*Data shown*:

┄┄┄┄┄┄┄┄┄┄

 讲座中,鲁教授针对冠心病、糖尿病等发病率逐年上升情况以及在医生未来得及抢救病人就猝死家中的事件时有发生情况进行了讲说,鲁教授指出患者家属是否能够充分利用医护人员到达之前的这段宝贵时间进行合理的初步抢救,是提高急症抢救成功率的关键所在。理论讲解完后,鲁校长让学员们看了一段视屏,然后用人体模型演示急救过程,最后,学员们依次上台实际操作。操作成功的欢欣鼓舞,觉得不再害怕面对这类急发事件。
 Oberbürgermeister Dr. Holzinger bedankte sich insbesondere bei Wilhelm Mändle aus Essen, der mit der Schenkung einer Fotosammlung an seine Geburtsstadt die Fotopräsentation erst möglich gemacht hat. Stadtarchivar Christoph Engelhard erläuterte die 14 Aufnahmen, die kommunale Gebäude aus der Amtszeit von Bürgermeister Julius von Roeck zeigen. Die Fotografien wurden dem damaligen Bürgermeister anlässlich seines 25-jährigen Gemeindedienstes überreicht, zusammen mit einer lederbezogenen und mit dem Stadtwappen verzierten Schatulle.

┄┄┄┄┄┄┄┄┄┄

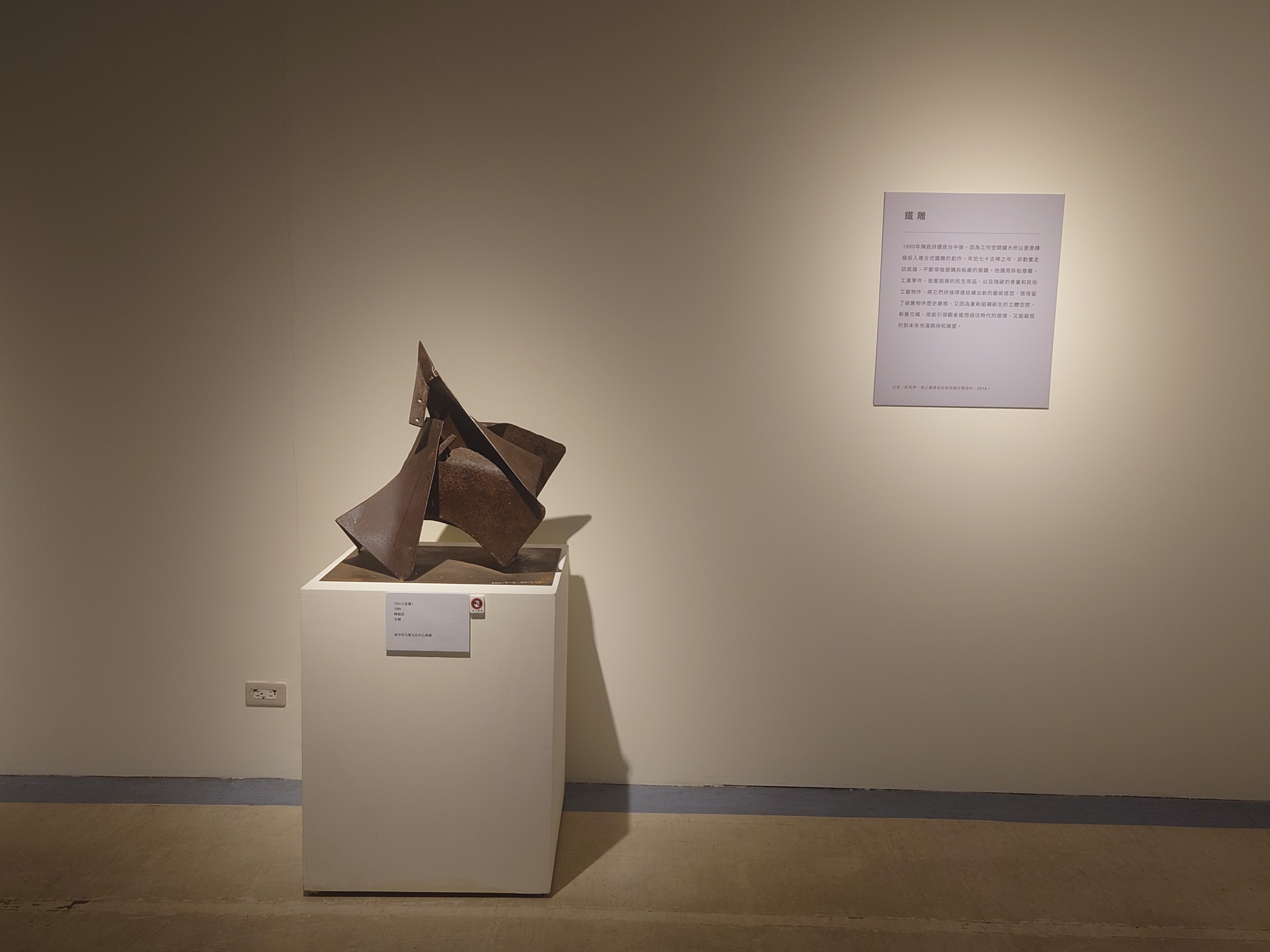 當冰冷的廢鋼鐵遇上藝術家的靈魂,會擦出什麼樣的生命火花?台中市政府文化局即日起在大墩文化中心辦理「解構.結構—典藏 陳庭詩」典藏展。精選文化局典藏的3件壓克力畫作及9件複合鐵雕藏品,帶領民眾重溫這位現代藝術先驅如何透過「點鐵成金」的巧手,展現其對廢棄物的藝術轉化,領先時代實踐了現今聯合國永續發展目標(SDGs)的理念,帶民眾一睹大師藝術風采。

┄┄┄┄┄┄┄┄┄┄

Reproduce only the lines above, starting at the line with "讲座中,鲁教授针对冠心病、糖" and ending at the line with "Oberbürgermeister Dr. Holzinger", exactly as written.

*Result of this task*:
 讲座中,鲁教授针对冠心病、糖尿病等发病率逐年上升情况以及在医生未来得及抢救病人就猝死家中的事件时有发生情况进行了讲说,鲁教授指出患者家属是否能够充分利用医护人员到达之前的这段宝贵时间进行合理的初步抢救,是提高急症抢救成功率的关键所在。理论讲解完后,鲁校长让学员们看了一段视屏,然后用人体模型演示急救过程,最后,学员们依次上台实际操作。操作成功的欢欣鼓舞,觉得不再害怕面对这类急发事件。
 Oberbürgermeister Dr. Holzinger bedankte sich insbesondere bei Wilhelm Mändle aus Essen, der mit der Schenkung einer Fotosammlung an seine Geburtsstadt die Fotopräsentation erst möglich gemacht hat. Stadtarchivar Christoph Engelhard erläuterte die 14 Aufnahmen, die kommunale Gebäude aus der Amtszeit von Bürgermeister Julius von Roeck zeigen. Die Fotografien wurden dem damaligen Bürgermeister anlässlich seines 25-jährigen Gemeindedienstes überreicht, zusammen mit einer lederbezogenen und mit dem Stadtwappen verzierten Schatulle.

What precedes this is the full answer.